'''

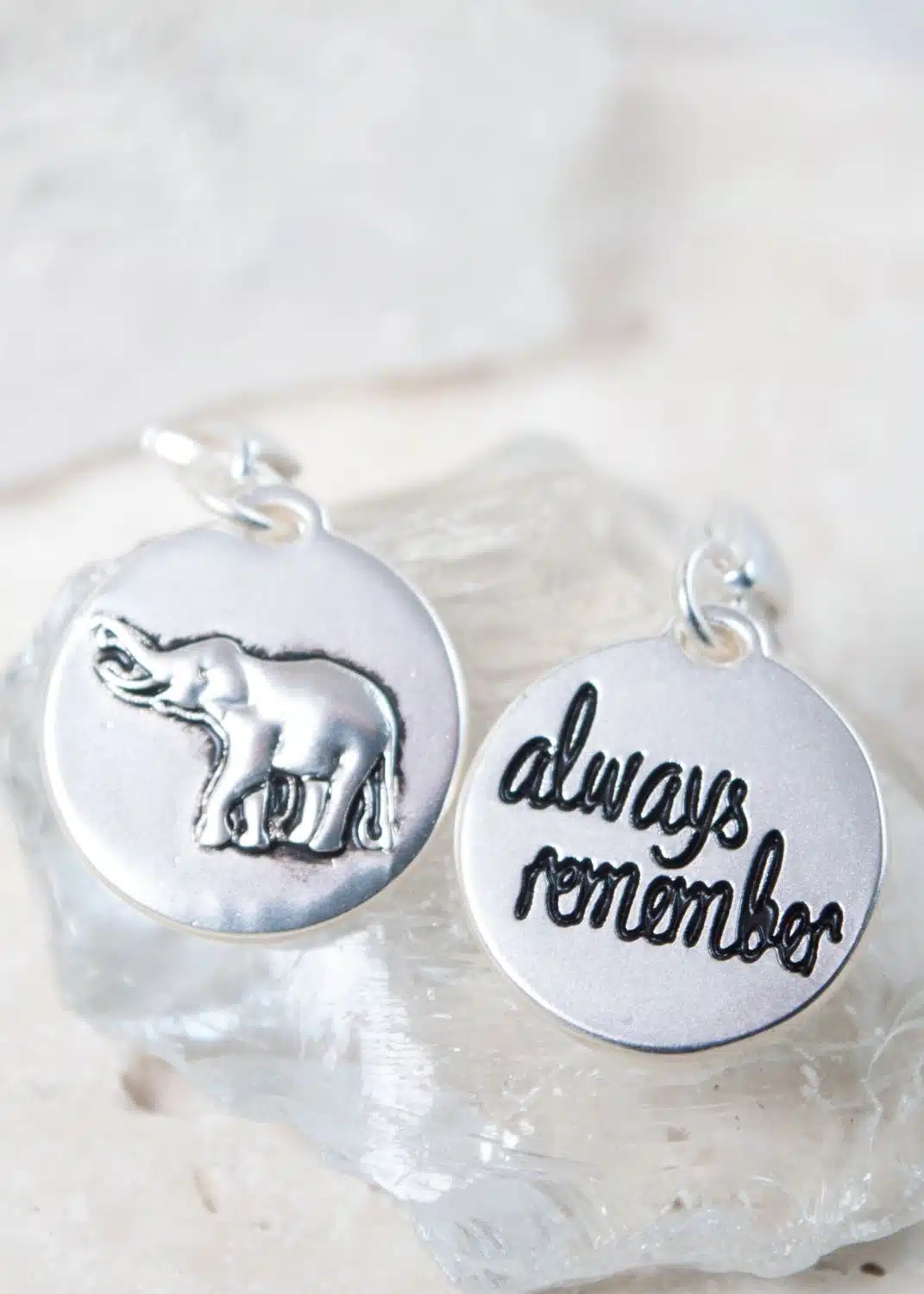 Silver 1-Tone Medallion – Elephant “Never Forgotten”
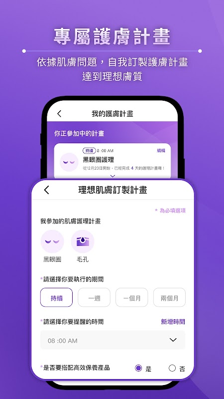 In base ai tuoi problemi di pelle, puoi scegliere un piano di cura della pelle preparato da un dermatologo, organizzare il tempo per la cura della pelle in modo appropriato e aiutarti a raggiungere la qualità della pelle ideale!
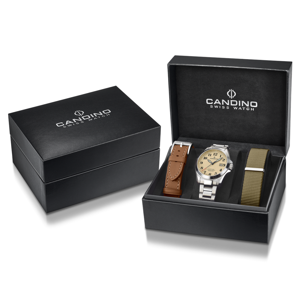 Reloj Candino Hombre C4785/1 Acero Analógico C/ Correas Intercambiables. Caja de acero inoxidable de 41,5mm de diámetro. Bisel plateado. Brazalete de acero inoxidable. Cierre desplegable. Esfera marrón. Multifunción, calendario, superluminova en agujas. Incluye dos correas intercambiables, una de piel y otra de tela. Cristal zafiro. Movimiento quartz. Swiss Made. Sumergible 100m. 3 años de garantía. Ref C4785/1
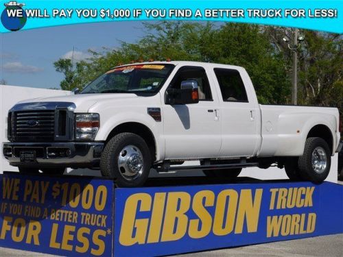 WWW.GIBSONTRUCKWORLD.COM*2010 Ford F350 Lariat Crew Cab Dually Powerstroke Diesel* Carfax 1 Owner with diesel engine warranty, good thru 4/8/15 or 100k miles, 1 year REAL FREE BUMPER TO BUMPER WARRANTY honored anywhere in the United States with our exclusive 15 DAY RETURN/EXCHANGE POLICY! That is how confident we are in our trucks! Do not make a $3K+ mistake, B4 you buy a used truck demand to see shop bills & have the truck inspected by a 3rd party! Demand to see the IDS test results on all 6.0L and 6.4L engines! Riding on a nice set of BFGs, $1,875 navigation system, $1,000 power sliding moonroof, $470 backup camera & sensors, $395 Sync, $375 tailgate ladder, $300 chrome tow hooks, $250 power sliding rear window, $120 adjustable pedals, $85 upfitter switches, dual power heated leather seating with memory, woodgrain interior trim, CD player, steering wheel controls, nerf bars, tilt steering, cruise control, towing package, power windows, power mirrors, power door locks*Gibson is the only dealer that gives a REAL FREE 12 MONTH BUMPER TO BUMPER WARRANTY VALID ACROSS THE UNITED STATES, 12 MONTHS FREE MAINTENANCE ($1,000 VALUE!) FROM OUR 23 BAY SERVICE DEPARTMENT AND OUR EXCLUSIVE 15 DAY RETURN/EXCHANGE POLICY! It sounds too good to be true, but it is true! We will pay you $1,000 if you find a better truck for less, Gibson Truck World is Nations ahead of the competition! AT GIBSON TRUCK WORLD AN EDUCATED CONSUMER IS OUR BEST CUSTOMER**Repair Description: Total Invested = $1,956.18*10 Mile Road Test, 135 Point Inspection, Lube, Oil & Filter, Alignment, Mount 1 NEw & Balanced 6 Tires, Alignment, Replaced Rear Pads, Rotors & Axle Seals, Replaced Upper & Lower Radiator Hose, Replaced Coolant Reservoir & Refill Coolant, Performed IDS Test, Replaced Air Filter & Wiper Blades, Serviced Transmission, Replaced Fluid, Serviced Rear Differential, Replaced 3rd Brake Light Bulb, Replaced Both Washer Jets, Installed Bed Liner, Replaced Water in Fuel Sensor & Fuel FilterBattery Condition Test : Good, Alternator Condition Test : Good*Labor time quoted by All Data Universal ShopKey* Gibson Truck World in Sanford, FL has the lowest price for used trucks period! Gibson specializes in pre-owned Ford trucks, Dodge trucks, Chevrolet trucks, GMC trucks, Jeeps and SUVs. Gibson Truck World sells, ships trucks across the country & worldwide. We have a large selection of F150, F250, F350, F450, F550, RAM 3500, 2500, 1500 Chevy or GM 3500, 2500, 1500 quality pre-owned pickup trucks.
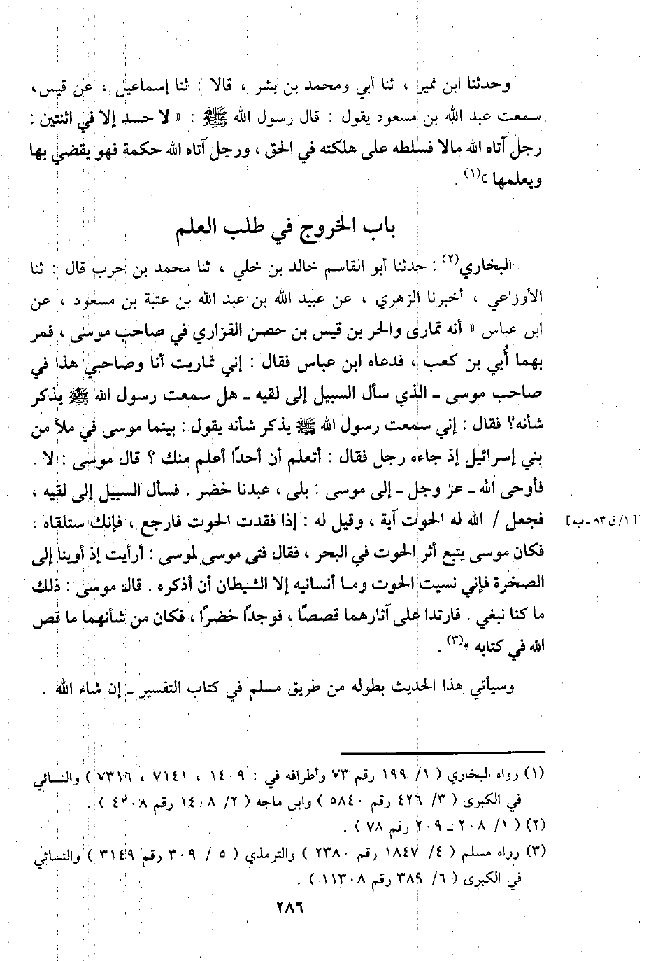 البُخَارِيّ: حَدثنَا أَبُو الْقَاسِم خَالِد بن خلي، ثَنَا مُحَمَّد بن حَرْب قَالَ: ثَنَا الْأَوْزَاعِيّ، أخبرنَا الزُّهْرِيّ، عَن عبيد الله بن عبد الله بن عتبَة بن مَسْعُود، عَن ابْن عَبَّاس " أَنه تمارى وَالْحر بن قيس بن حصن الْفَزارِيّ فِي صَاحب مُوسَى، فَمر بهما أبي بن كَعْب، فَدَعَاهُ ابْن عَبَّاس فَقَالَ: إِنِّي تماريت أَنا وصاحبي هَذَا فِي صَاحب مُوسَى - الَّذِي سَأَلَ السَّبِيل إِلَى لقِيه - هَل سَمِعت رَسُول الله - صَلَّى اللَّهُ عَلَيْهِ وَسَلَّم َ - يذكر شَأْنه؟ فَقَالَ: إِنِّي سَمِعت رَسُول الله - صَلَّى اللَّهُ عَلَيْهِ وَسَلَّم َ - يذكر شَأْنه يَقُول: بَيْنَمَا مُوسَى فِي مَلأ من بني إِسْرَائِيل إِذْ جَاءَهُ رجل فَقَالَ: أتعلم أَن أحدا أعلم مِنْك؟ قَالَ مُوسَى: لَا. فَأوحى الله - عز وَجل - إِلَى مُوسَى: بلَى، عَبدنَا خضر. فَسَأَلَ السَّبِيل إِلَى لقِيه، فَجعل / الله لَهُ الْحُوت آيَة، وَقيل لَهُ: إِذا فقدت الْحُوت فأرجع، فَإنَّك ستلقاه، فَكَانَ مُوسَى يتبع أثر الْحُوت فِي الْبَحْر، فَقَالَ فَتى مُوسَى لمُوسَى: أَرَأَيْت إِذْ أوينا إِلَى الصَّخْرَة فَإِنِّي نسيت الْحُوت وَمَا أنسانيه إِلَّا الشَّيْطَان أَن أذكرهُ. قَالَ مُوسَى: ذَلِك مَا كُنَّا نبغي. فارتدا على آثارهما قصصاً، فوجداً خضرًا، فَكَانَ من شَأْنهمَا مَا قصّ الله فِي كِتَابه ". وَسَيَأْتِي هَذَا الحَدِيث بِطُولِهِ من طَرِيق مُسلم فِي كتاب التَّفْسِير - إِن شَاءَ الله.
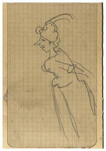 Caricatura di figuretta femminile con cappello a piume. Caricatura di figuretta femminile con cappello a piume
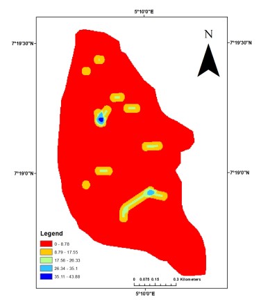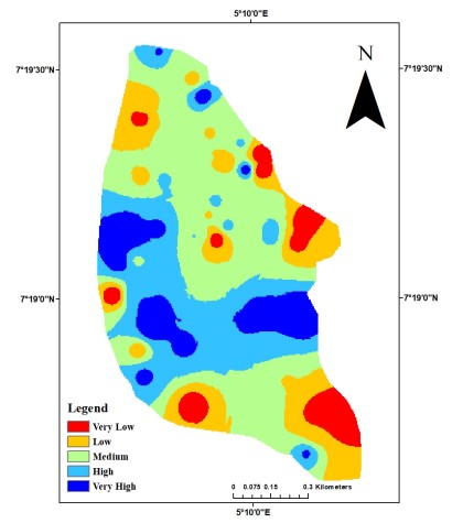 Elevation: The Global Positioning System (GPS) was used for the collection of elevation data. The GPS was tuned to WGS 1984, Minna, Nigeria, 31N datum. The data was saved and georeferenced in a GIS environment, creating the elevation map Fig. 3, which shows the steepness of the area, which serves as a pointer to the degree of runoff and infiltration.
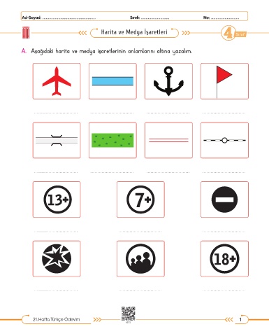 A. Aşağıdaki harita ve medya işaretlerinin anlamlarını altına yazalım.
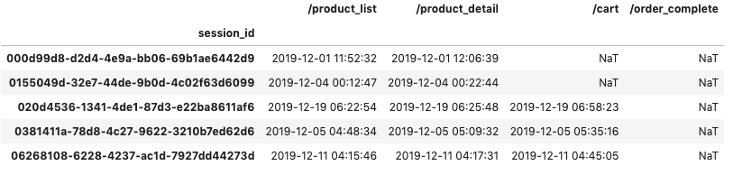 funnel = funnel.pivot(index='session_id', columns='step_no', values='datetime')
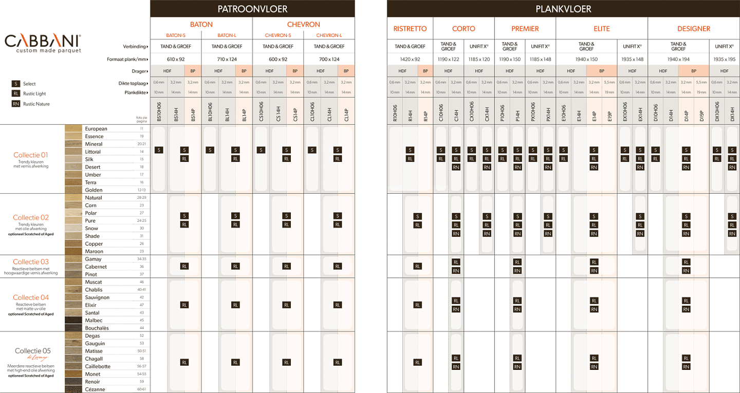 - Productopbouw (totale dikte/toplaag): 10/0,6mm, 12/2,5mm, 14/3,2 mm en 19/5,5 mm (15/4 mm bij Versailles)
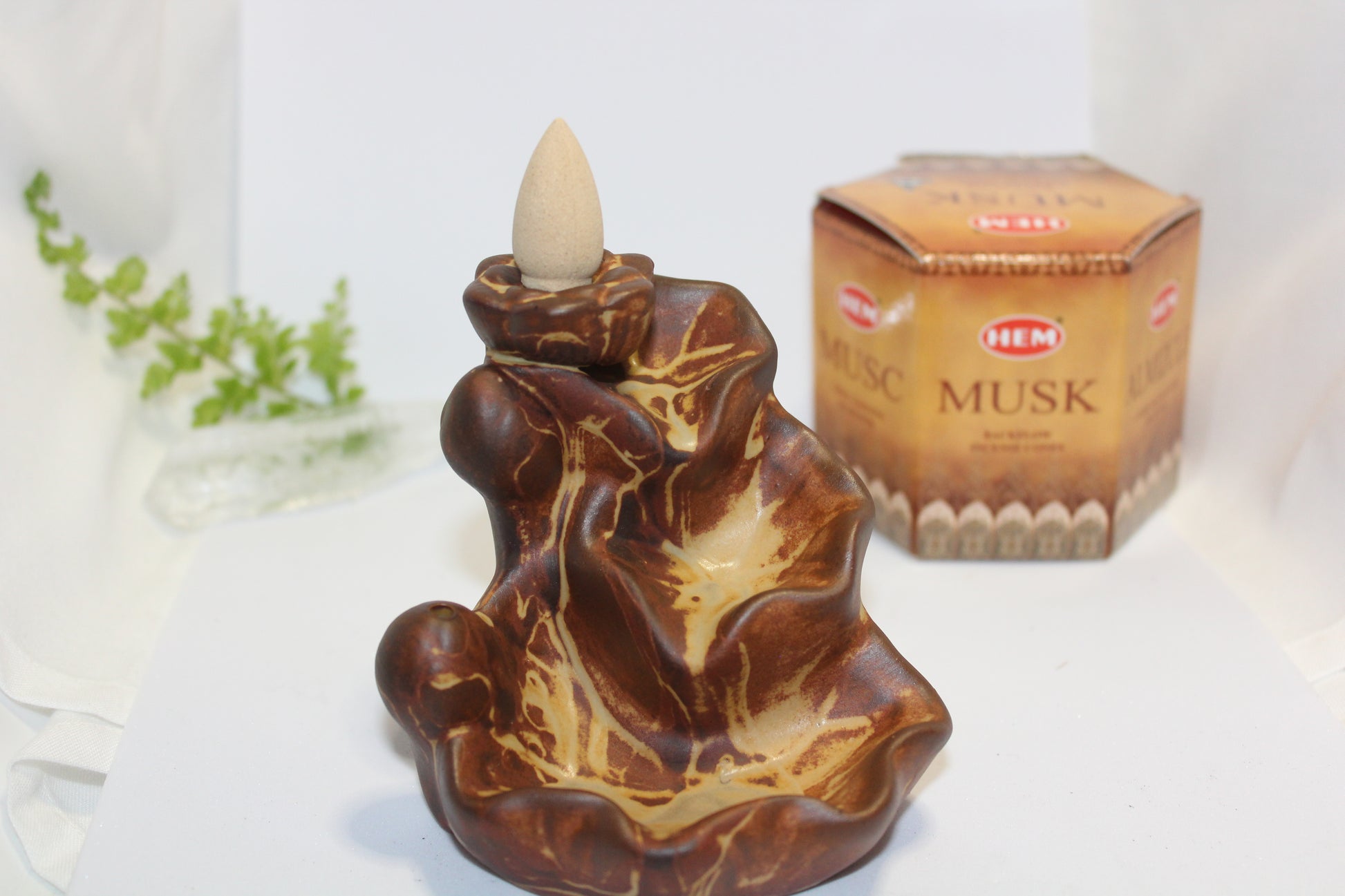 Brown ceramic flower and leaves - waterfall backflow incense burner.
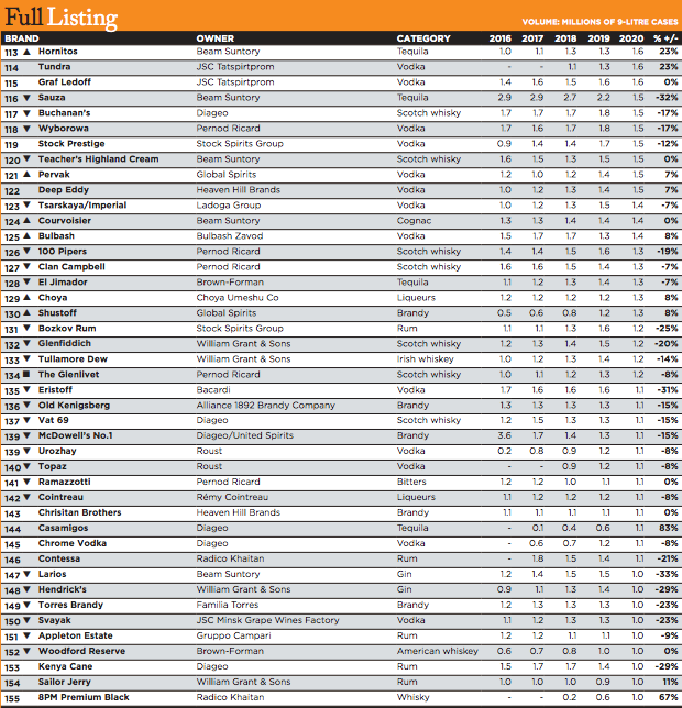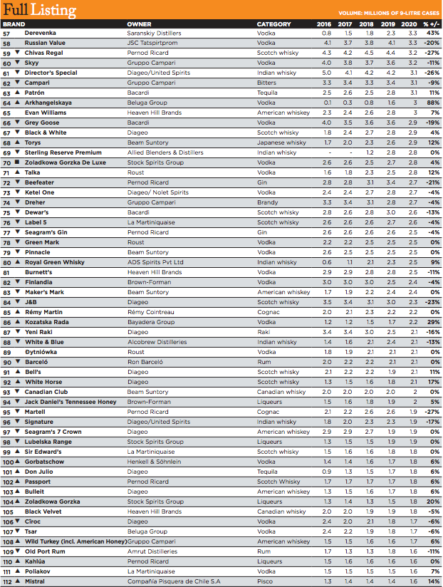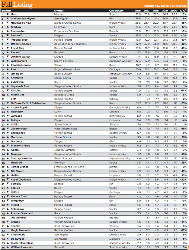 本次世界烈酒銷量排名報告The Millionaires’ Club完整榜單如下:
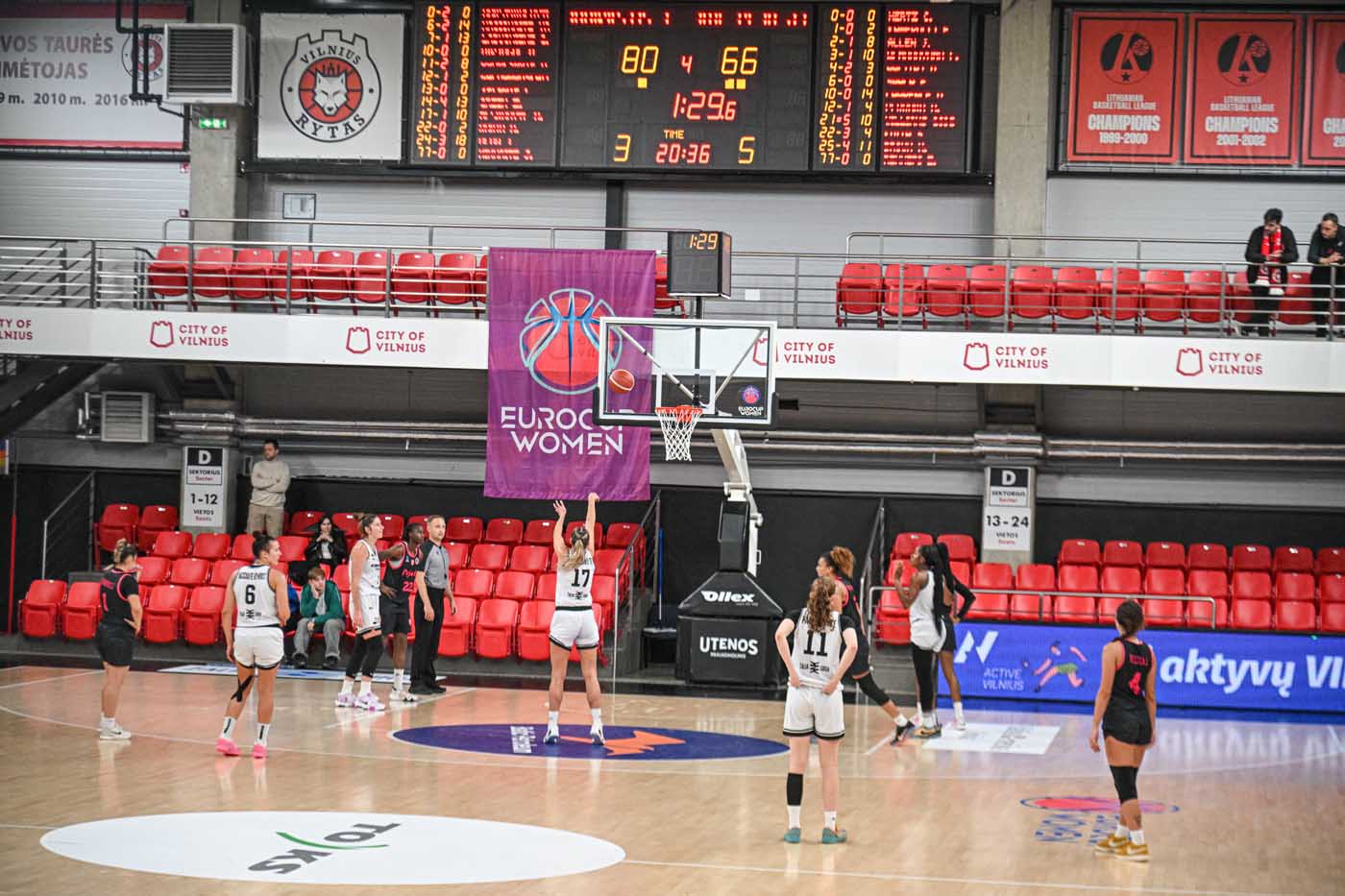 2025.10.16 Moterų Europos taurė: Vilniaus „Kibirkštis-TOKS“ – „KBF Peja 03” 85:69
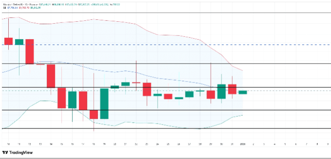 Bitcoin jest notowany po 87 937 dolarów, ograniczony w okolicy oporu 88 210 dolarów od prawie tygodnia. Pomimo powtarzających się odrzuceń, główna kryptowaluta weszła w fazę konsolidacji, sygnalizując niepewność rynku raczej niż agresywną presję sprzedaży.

'''

Work item :: From the first line of the material down to the line containing "In base ai tuoi", inclusive, return each line exactly, skipping any picture.

Solution for this problem ::
 Silver 1-Tone Medallion – Elephant “Never Forgotten”
 In base ai tuoi problemi di pelle, puoi scegliere un piano di cura della pelle preparato da un dermatologo, organizzare il tempo per la cura della pelle in modo appropriato e aiutarti a raggiungere la qualità della pelle ideale!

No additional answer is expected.